Three main components are associated with this type of learning: the agent (the learner or the decision maker), the environment (everything with which the agent interacts) and the actions (what the agent can do). The goal is for the agent to choose actions that maximize the expected reward over a given time frame. The agent can achieve the goal quickly by following a good policy. Thus, the goal of reinforcement learning is to learn the best policy.
Dimensionality reduction is the process of reducing the number of features in a dataset. Often there are too many variables to deal with in ML tasks, such as regression or classification. These variables are also called characteristics: the greater the number of characteristics, the more difficult it is to model them. Additionally, some of these features may be redundant, adding unnecessary noise to the dataset.

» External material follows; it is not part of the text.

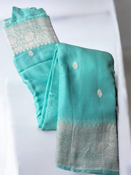 SEA BLUE CHIFFON GEORGETTE WITH SILVER BUTTA SAREE

Dimensionality reduction reduces the number of random variables considered by collecting a set of principal variables, which can then be divided into feature selection and feature extraction.
Many real-world applications take advantage of machine learning, including artificial neural networks (ANNs), which are modeled after their biological counterparts. These consist of thousands or millions of processing nodes that are densely interconnected to handle many tasks, including speech recognition/translation, gaming, social networking, medical diagnostics, etc.
With Facebook, for example, ML customizes how a member’s feed is delivered. If the member regularly stops to read messages from certain groups, they will prioritize those activities earlier in the stream.
Additionally, ML is used in speech applications, including text-to-speech, which uses natural language processing (NLP) to convert human speech into text. It can also be found with digital assistants such as Siri and Alexa, which use voice recognition for app interaction. Automated customer service, recommendation engines, computer vision, climate science, and even agriculture are among the many other applications.